→ **What needs to be done**: Return each line below exactly as it reads, and omit any image in it.

→ **Raw data**:
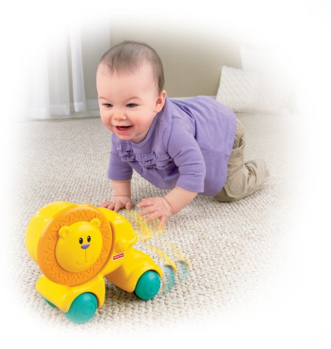 With an easy activation, baby presses on the back and sends the Lion rolling
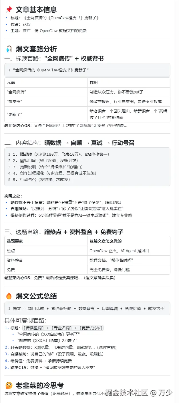 如果你也想写 OpenClaw 相关的文章,不妨参考一下花叔的"数据+自嘲"策略,或者坚持我的"干货+真诚"路线。 说不定你也可以参考这个思路,写出一个属于你的爆文分析 Agent!
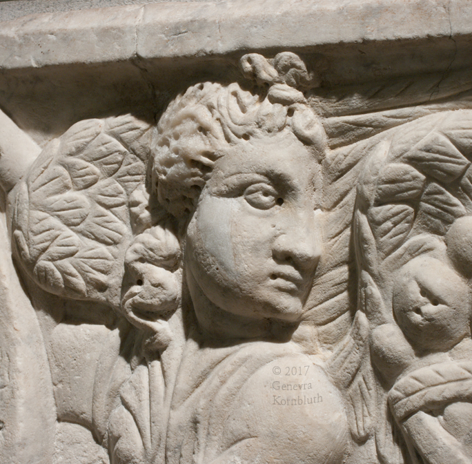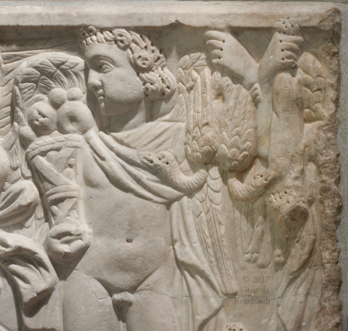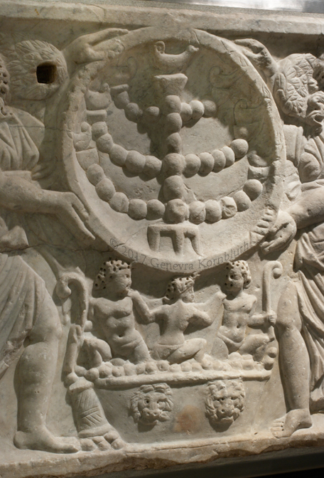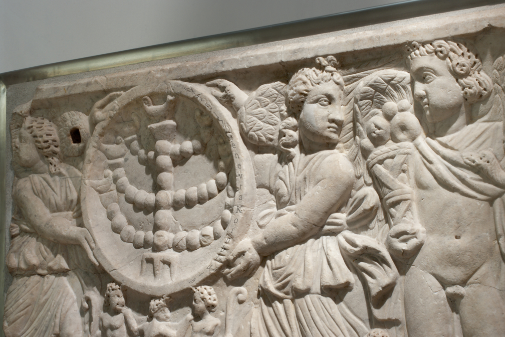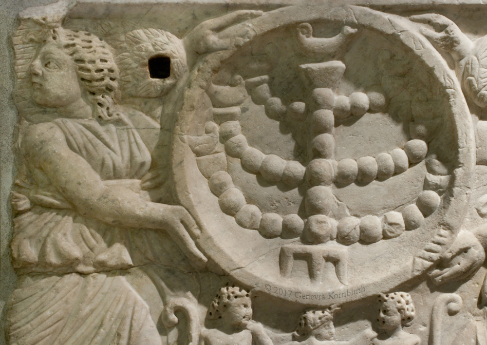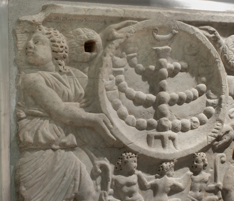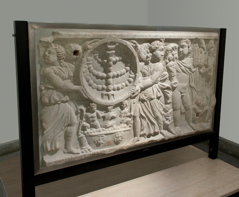 Historical Archive: Menorah Sarcophagus fragmentary seasons sarcophagus from the Athanasius Kirchner collection, Rome mid-third to mid-fourth century CE marble, 126 x 70 cm (49.6 x 27.6 inches) Rome, Museo Nazionale Romano 67611 |

→ **Response to this exercise**:
 With an easy activation, baby presses on the back and sends the Lion rolling
 如果你也想写 OpenClaw 相关的文章,不妨参考一下花叔的"数据+自嘲"策略,或者坚持我的"干货+真诚"路线。 说不定你也可以参考这个思路,写出一个属于你的爆文分析 Agent!
 Historical Archive: Menorah Sarcophagus fragmentary seasons sarcophagus from the Athanasius Kirchner collection, Rome mid-third to mid-fourth century CE marble, 126 x 70 cm (49.6 x 27.6 inches) Rome, Museo Nazionale Romano 67611 |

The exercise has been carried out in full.